- TASK OBJECTIVE
Please output exactly the lines from the one that holds "4月27日のオープン初日には" through the final line of the data, and nothing else; leave out any pictures.

- WORKING DATA
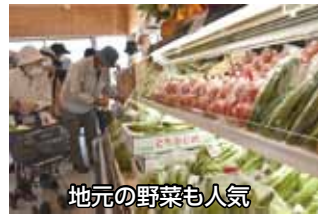
地元の野菜も人気

4月27日のオープン初日には、市内外から多くの皆さんが来場。曾呂産の甘夏を使ったスイーツや地元青果店のスムージーを味わうなど、賑わいを見せていました。
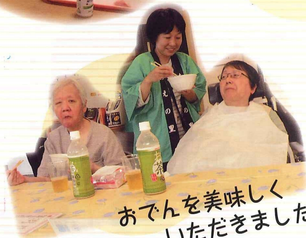
おでんを美味しく いただきました
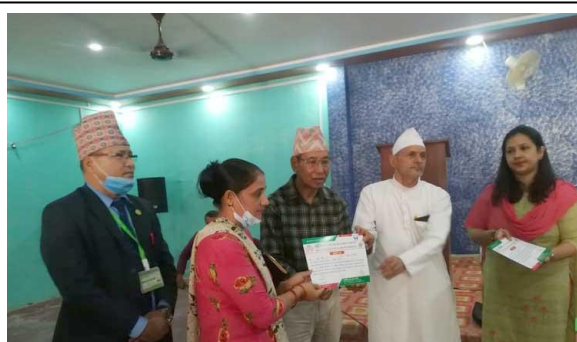
बेलवास सेवा केन्द्रमा सहकारी शिक्षा तालिम प्रशिक्षार्थीलाई प्रमाण पत्र वितरण ।
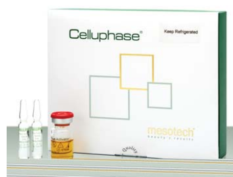
ФОТО 6. Мультиактивный коктейль Celluphase

- REPLY TO THE TASK
4月27日のオープン初日には、市内外から多くの皆さんが来場。曾呂産の甘夏を使ったスイーツや地元青果店のスムージーを味わうなど、賑わいを見せていました。
おでんを美味しく いただきました
बेलवास सेवा केन्द्रमा सहकारी शिक्षा तालिम प्रशिक्षार्थीलाई प्रमाण पत्र वितरण ।
ФОТО 6. Мультиактивный коктейль Celluphase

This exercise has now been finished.